« Les Ukrainiens en sont arrivés au stade où, épuisés par un sprint, on comprend qu’il faut, en réalité, courir un marathon : la guerre sera longue »
toiUn nouveau bruit s’est ajouté à celui des sirènes d’alerte aérienne à Kiev, troublant l’apparence trompeuse d’insouciance de la capitale ukrainienne sous le soleil de juin : celui des générateurs. Effet collatéral de la guerre qui fait rage dans l’est du pays depuis près de deux ans et demi, leur bourdonnement assourdissant devient familier sur les seuils des restaurants dont les terrasses sont pleines. Parce que l’offensive russe ne cible pas uniquement les soldats dans les tranchées ou les bâtiments civils en zone urbaine ; elle détruit également méthodiquement les infrastructures énergétiques de l’Ukraine, provoquant des coupures d’électricité chroniques qui épuisent la population.
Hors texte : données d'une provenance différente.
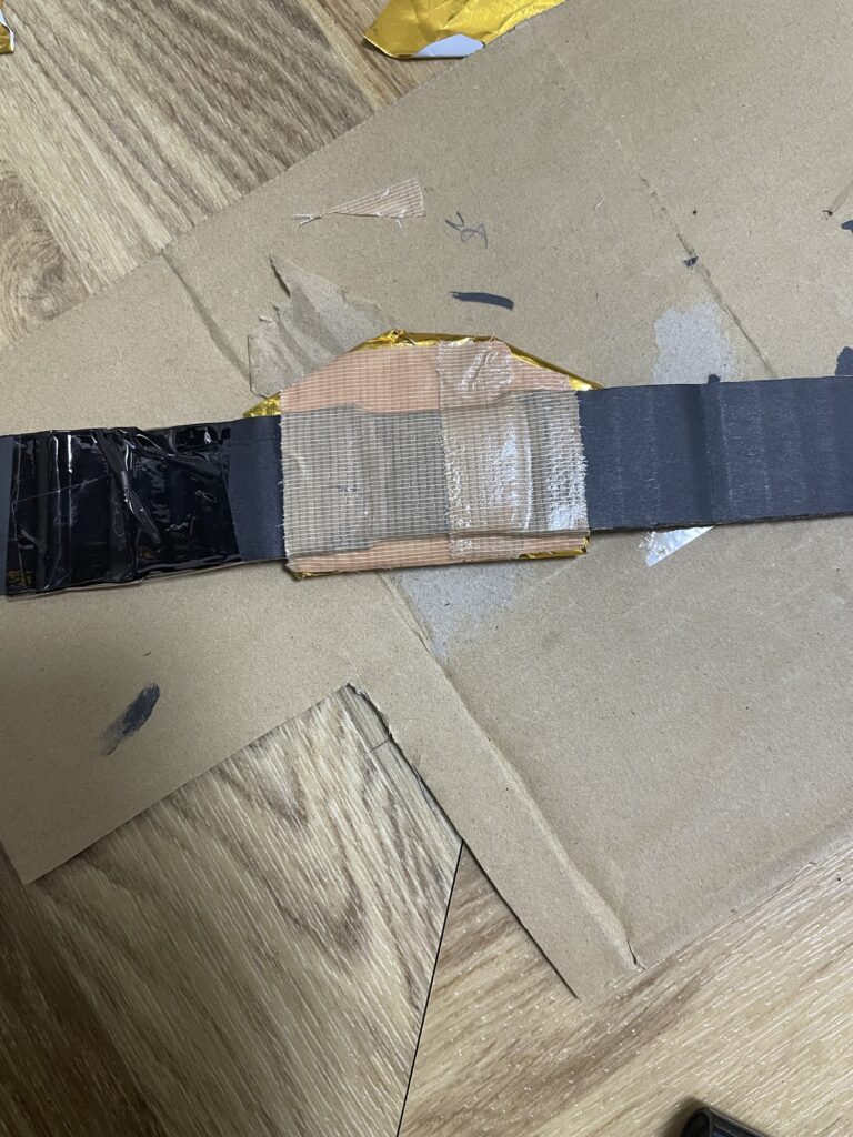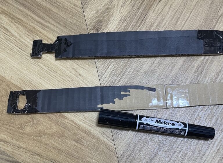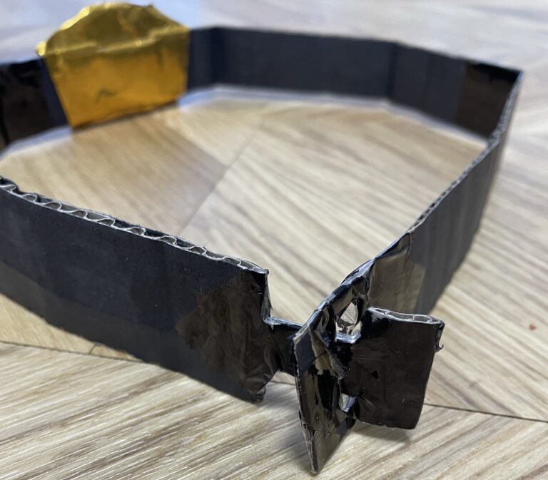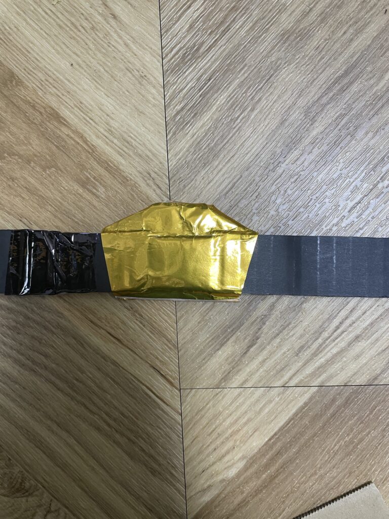 ガムテープで貼った部分を金色折り紙で隠します(バックル裏側になるのでそのままでもOKです)
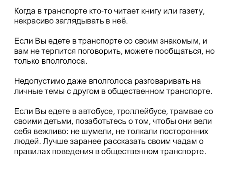Слайд 7Когда в транспорте кто-то читает книгу или газету, некрасиво заглядывать в

Travail de sape systématique, cette destruction, considérée en droit international comme un crime de guerre, a déjà anéanti 50 % de la capacité de production d’électricité en Ukraine et s’attaque aux infrastructures de stockage. L’objectif, selon les autorités, est de rendre les villes invivables. Comment affronter l’hiver sans chauffage ? Kharkiv, la deuxième ville du pays, est régulièrement bombardée. « Je ne pense pas que les Russes veuillent prendre Kharkiv» commente un officier supérieur ukrainien. Ils cherchent à terroriser les gens et à les forcer à quitter les villes. »
Recherchée par Vladimir Poutine, la guerre s’installe, à l’image des générateurs ou des cortèges de soldats en treillis accompagnant le cercueil de l’un des leurs à la chapelle Saint-Michel, un spectacle tragiquement ordinaire à Kiev. Guerre d’usure, guerre d’usure, guerre permanente, elle s’annonce longue, puisque, en revanche, en Russie, l’économie, l’armée et la société se sont réorganisées au service de cette guerre. Dans leur résistance à l’agresseur, les Ukrainiens ont atteint le stade où, épuisés par un sprint, on comprend qu’il faut, en réalité, courir un marathon. Le moment est venu de changer de logiciel, dans tous les domaines.
Porter au niveau de puissance
Le domaine le plus sensible est celui de la mobilisation. Remplacer les soldats qui tiennent difficilement le front depuis 2022 et constituer la force de réserve qui fait cruellement défaut s’avère être un immense défi de société. On découvre au passage, lors d’entretiens avec des responsables civils et militaires ukrainiens organisés par l’Institut français des relations internationales et le think tank local Nouvelle Europe Centre, pour la plupart sous couvert d’anonymat, que l’idée d’accueillir sur place des instructeurs étrangers pour se former recruter est, pour eux, d’abord d’un intérêt politique : ce serait, reconnaît un officier, excellent pour le moral de la population, ainsi qu’un message à la Russie.